> **Work request**
Return only the lines of the listing below that run from the line with "気温が低く、霜が降り凍っていました!これでは夏タイヤで走れませんね!" through the line with "During the week", both ends included, exactly as written.

START Information

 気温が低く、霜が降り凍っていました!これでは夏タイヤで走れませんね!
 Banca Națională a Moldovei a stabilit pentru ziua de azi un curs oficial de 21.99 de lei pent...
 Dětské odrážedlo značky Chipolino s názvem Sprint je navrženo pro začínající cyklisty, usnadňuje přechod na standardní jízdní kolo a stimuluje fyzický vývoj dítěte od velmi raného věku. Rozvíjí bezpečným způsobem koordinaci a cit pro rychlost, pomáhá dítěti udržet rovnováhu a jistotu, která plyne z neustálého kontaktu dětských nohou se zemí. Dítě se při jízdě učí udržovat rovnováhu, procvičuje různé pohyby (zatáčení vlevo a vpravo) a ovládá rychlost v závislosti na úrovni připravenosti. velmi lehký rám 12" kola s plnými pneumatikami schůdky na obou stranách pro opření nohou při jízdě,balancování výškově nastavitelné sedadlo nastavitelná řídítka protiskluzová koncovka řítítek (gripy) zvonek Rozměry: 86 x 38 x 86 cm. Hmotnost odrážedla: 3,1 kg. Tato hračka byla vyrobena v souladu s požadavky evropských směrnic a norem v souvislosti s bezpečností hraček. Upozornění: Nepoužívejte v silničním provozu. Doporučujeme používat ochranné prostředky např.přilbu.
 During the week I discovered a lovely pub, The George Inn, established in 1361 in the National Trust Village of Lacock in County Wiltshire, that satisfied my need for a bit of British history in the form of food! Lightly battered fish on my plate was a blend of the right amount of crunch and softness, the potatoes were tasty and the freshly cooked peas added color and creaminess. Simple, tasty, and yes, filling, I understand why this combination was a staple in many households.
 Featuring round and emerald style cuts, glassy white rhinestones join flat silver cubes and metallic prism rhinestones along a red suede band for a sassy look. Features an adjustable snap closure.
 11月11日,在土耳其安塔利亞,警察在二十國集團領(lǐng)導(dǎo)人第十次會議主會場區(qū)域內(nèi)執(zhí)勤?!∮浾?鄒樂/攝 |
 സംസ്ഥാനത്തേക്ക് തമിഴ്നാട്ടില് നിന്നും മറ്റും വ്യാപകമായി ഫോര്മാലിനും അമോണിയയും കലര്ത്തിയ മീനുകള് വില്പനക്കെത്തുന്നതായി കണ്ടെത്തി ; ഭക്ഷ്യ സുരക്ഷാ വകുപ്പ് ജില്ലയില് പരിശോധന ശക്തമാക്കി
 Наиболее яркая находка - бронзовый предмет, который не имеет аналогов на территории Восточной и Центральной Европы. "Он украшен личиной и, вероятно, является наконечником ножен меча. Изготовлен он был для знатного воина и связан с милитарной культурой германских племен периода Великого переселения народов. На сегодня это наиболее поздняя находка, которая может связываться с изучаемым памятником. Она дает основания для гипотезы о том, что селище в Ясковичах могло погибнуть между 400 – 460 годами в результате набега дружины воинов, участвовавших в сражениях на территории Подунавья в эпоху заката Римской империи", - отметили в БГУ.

END Information
START Information

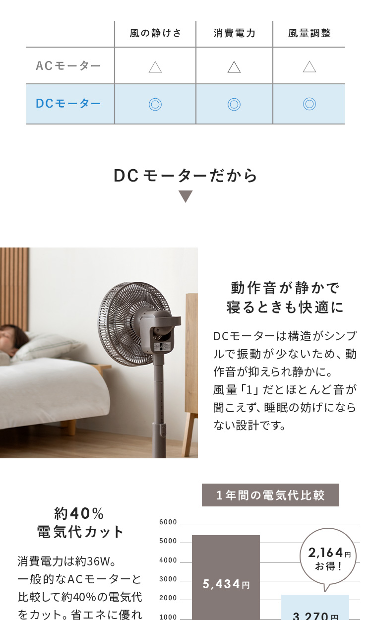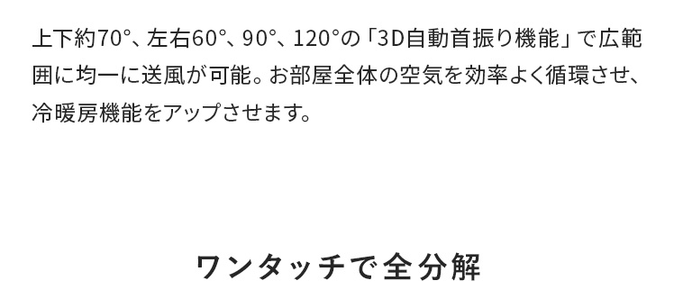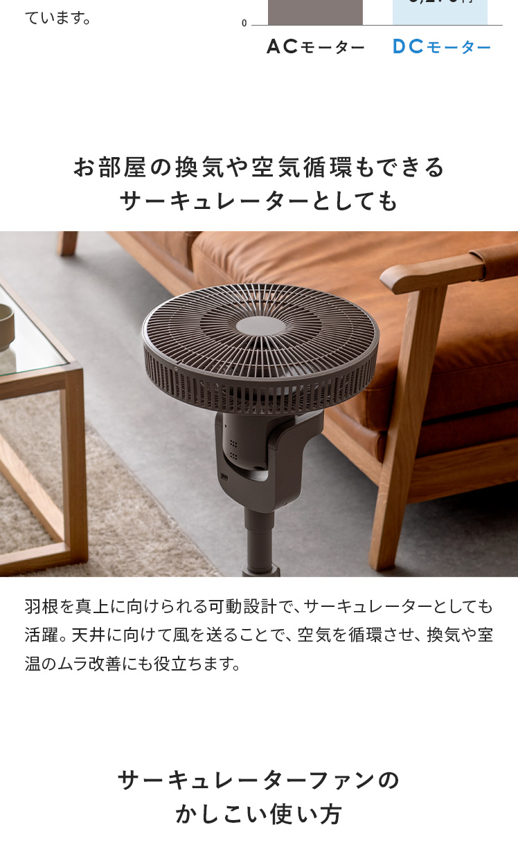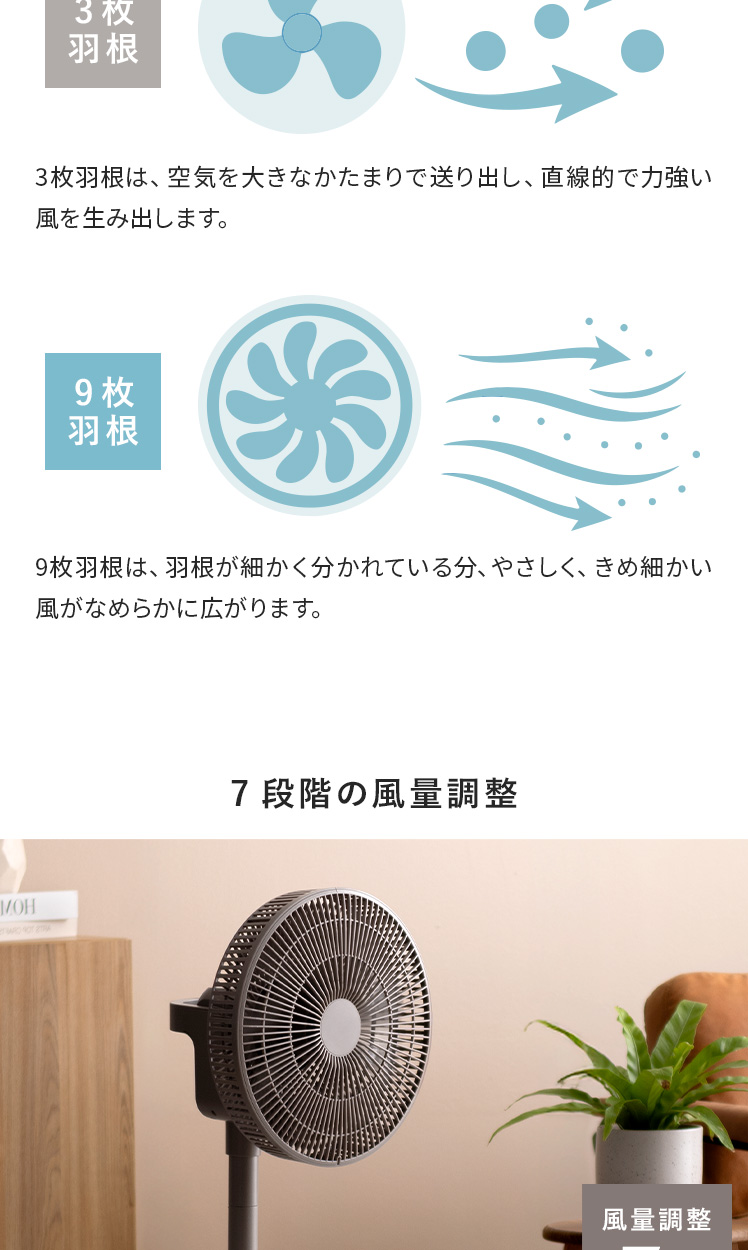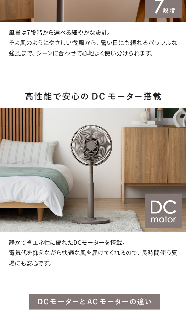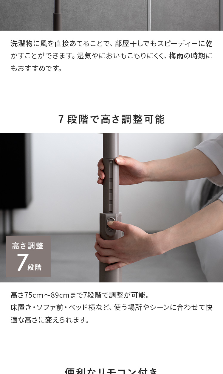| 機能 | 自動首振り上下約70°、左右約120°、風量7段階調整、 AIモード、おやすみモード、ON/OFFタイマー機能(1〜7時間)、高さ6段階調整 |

END Information
START Information

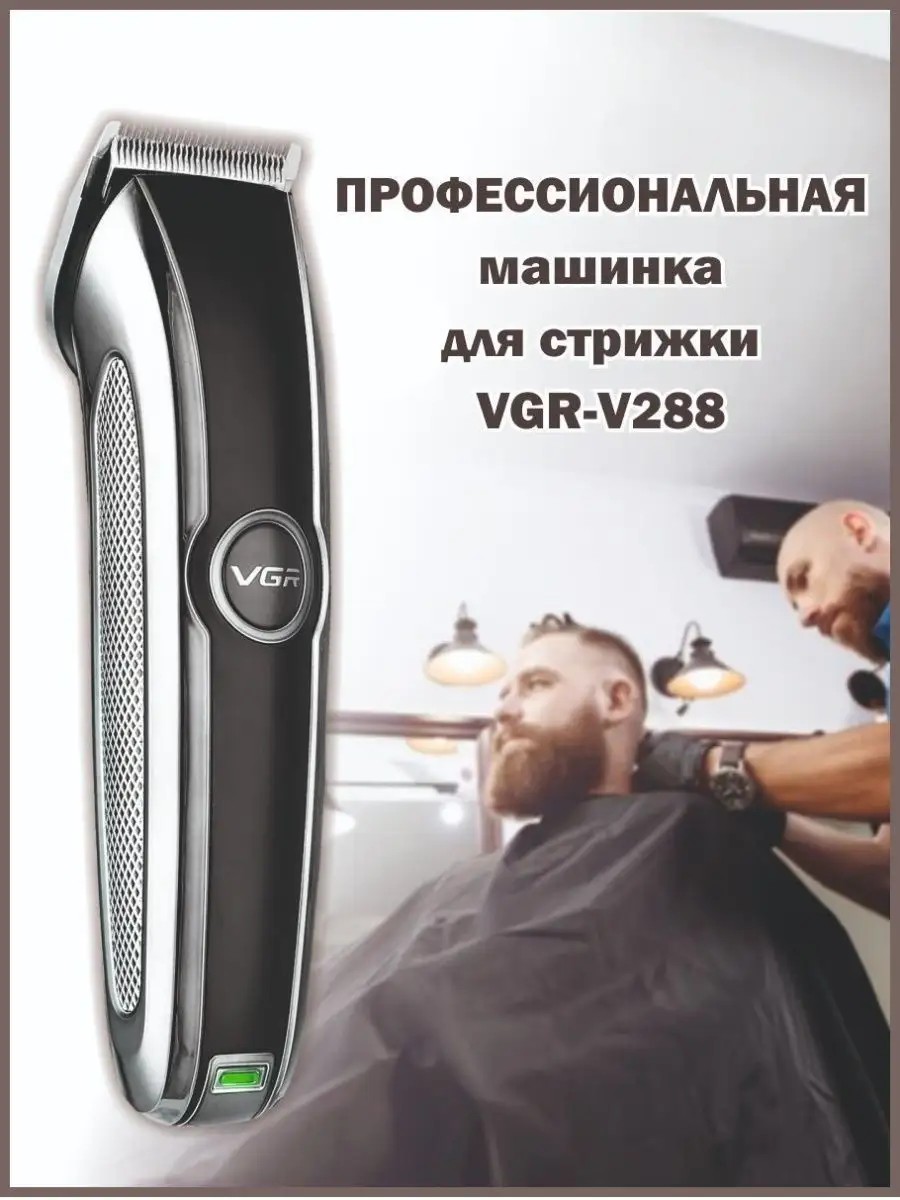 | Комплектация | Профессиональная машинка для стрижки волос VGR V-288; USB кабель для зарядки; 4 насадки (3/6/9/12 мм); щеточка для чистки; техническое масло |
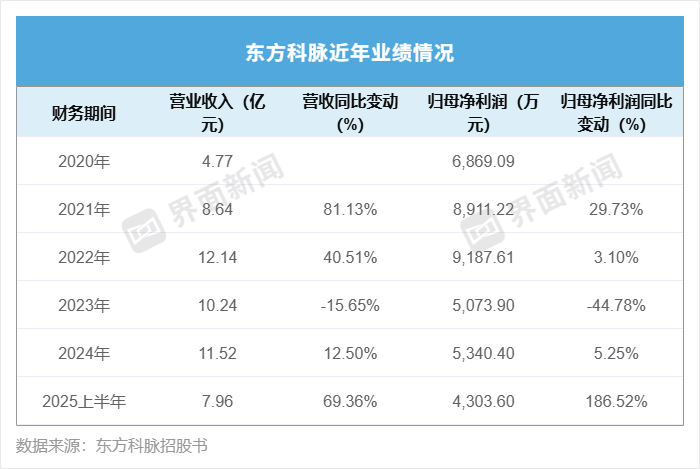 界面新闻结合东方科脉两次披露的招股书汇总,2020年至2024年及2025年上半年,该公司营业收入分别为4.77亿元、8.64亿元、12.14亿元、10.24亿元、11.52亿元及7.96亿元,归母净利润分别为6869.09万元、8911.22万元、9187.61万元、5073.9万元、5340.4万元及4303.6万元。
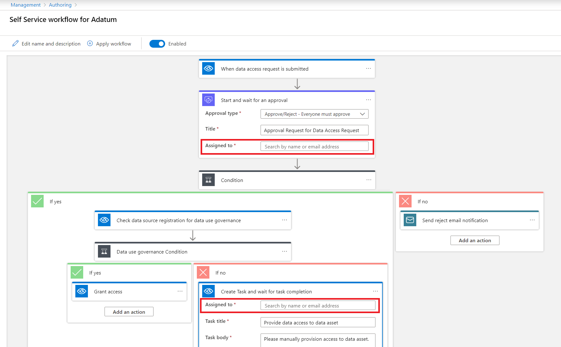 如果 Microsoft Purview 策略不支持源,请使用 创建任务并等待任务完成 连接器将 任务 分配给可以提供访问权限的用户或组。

END Information

> **Written solution**
 気温が低く、霜が降り凍っていました!これでは夏タイヤで走れませんね!
 Banca Națională a Moldovei a stabilit pentru ziua de azi un curs oficial de 21.99 de lei pent...
 Dětské odrážedlo značky Chipolino s názvem Sprint je navrženo pro začínající cyklisty, usnadňuje přechod na standardní jízdní kolo a stimuluje fyzický vývoj dítěte od velmi raného věku. Rozvíjí bezpečným způsobem koordinaci a cit pro rychlost, pomáhá dítěti udržet rovnováhu a jistotu, která plyne z neustálého kontaktu dětských nohou se zemí. Dítě se při jízdě učí udržovat rovnováhu, procvičuje různé pohyby (zatáčení vlevo a vpravo) a ovládá rychlost v závislosti na úrovni připravenosti. velmi lehký rám 12" kola s plnými pneumatikami schůdky na obou stranách pro opření nohou při jízdě,balancování výškově nastavitelné sedadlo nastavitelná řídítka protiskluzová koncovka řítítek (gripy) zvonek Rozměry: 86 x 38 x 86 cm. Hmotnost odrážedla: 3,1 kg. Tato hračka byla vyrobena v souladu s požadavky evropských směrnic a norem v souvislosti s bezpečností hraček. Upozornění: Nepoužívejte v silničním provozu. Doporučujeme používat ochranné prostředky např.přilbu.
 During the week I discovered a lovely pub, The George Inn, established in 1361 in the National Trust Village of Lacock in County Wiltshire, that satisfied my need for a bit of British history in the form of food! Lightly battered fish on my plate was a blend of the right amount of crunch and softness, the potatoes were tasty and the freshly cooked peas added color and creaminess. Simple, tasty, and yes, filling, I understand why this combination was a staple in many households.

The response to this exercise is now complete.